[[ Record excerpts, beginning ]]
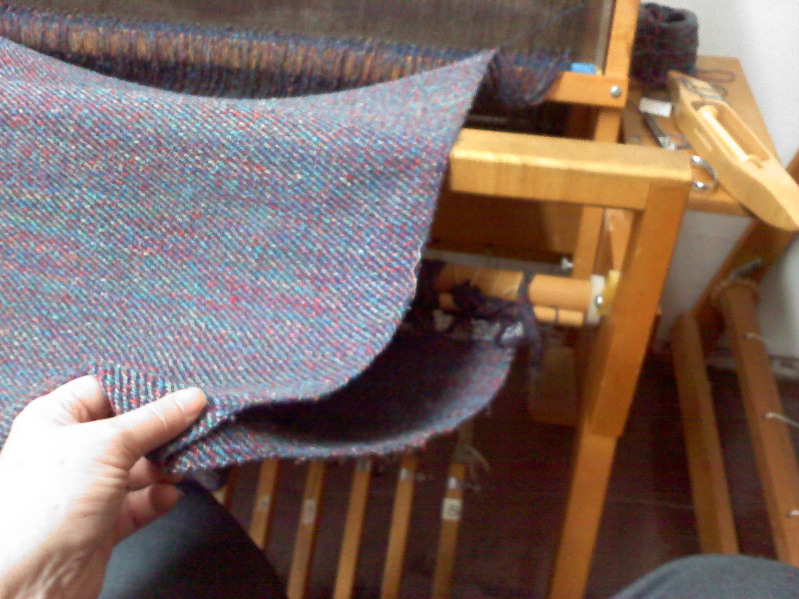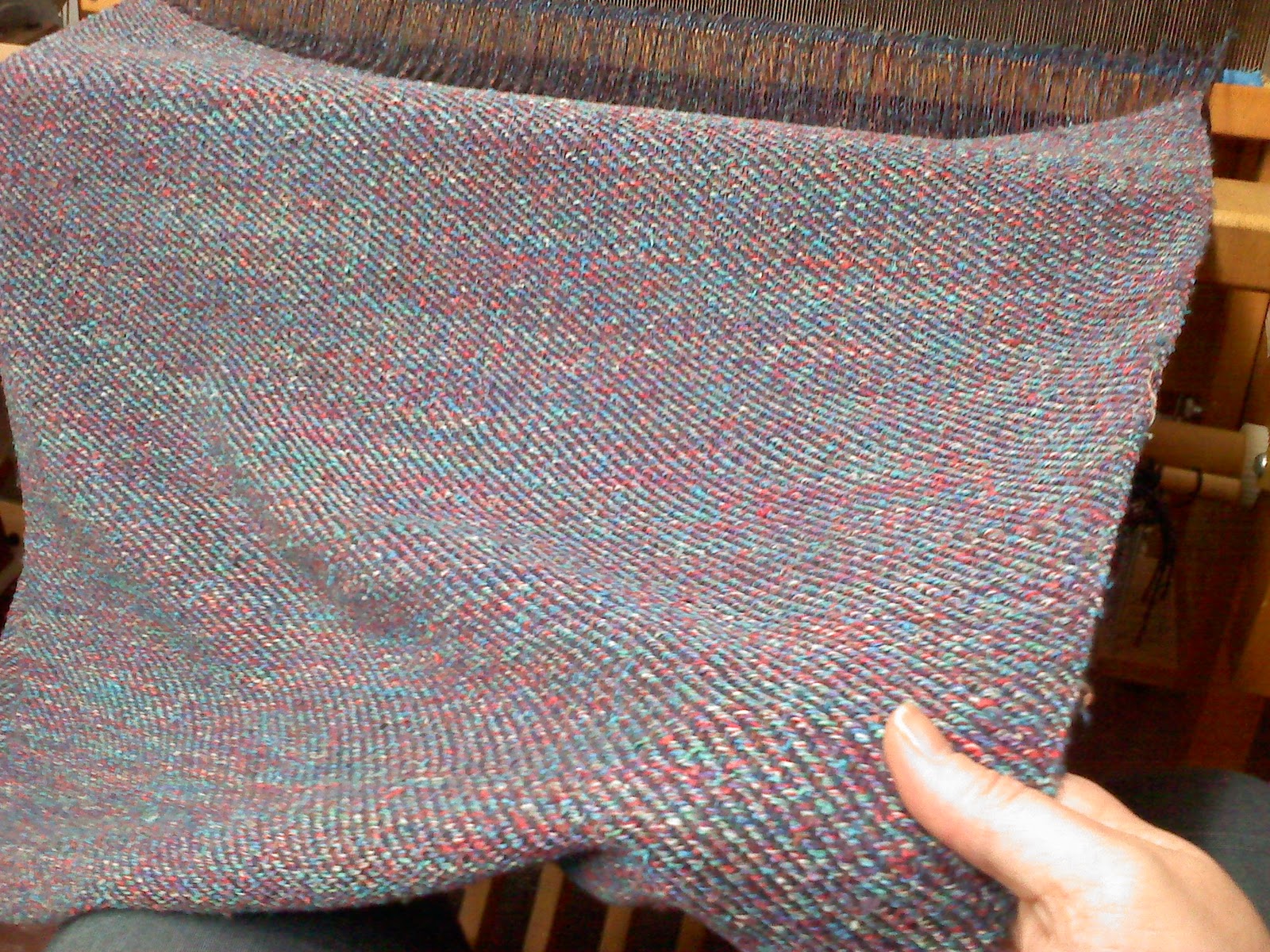 It feels a little bit like denim, but much softer. It’s a rayon blend and I love it. As I weave, it creates a lot of fuzz; I hope that isn’t a property of the finished fabric after blocking.
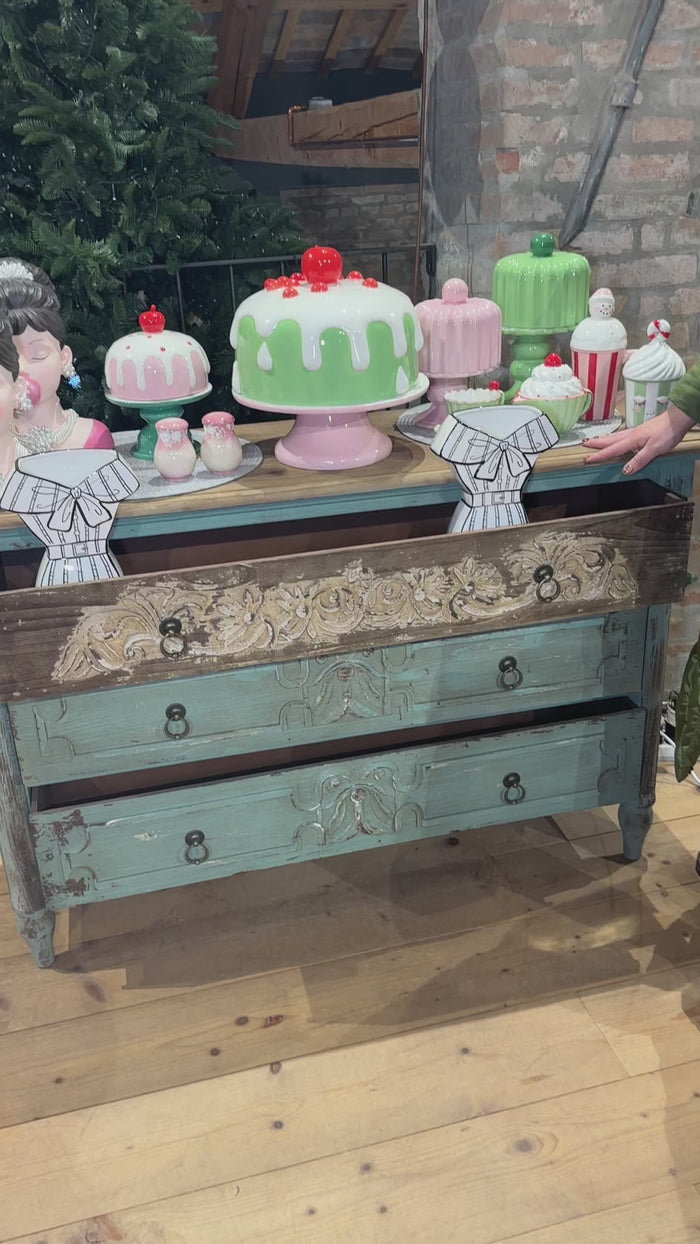 Mobile cassettiera shabby chic in legno grigio, bianco e marrone chiaro – 116x40xH82 cm
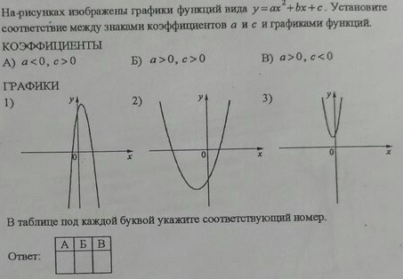 1) - А a<0 (ветви вниз), c>0 (пересечение с ОУ)
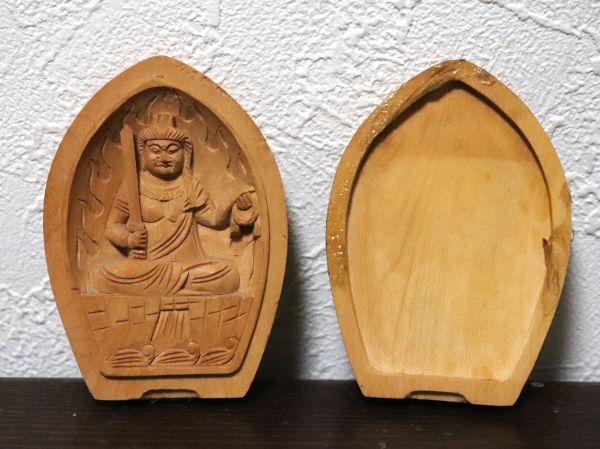 - 木彫 白檀 香合仏 不動明王像 仏像 懐中仏 n929
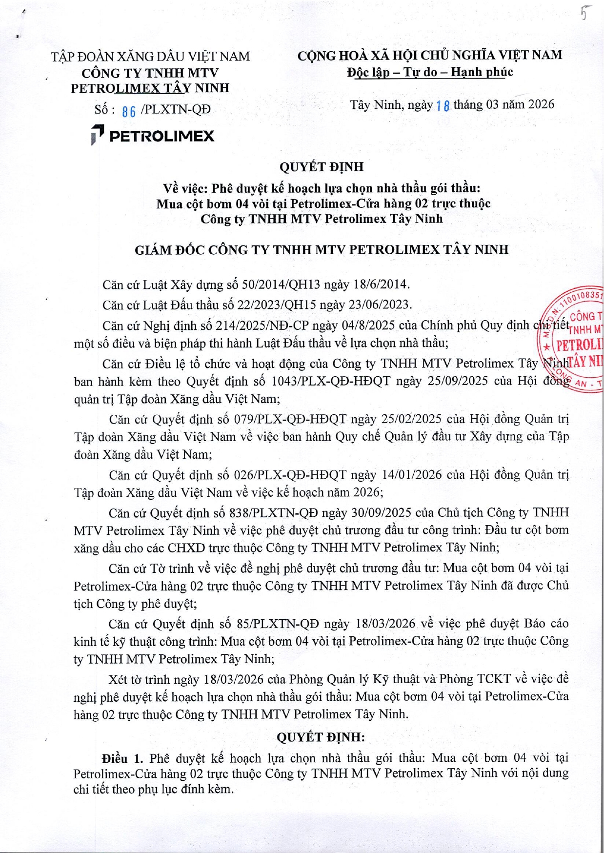 Quyết định phê duyệt kế hoạch lựa chọn nhà thầu gói thầu: Mua cột bơm 04 vòi tại Petrolimex-Cửa hàng 02 trực thuộc Công ty TNHH MTV Petrolimex Tây Ninh
[[ Record excerpts, end ]]
**Exercise directions:**
Each line in the records above should be reproduced exactly; images are not copied.

**Answer to the problem:**
 It feels a little bit like denim, but much softer. It’s a rayon blend and I love it. As I weave, it creates a lot of fuzz; I hope that isn’t a property of the finished fabric after blocking.
 Mobile cassettiera shabby chic in legno grigio, bianco e marrone chiaro – 116x40xH82 cm
 1) - А a<0 (ветви вниз), c>0 (пересечение с ОУ)
 - 木彫 白檀 香合仏 不動明王像 仏像 懐中仏 n929
 Quyết định phê duyệt kế hoạch lựa chọn nhà thầu gói thầu: Mua cột bơm 04 vòi tại Petrolimex-Cửa hàng 02 trực thuộc Công ty TNHH MTV Petrolimex Tây Ninh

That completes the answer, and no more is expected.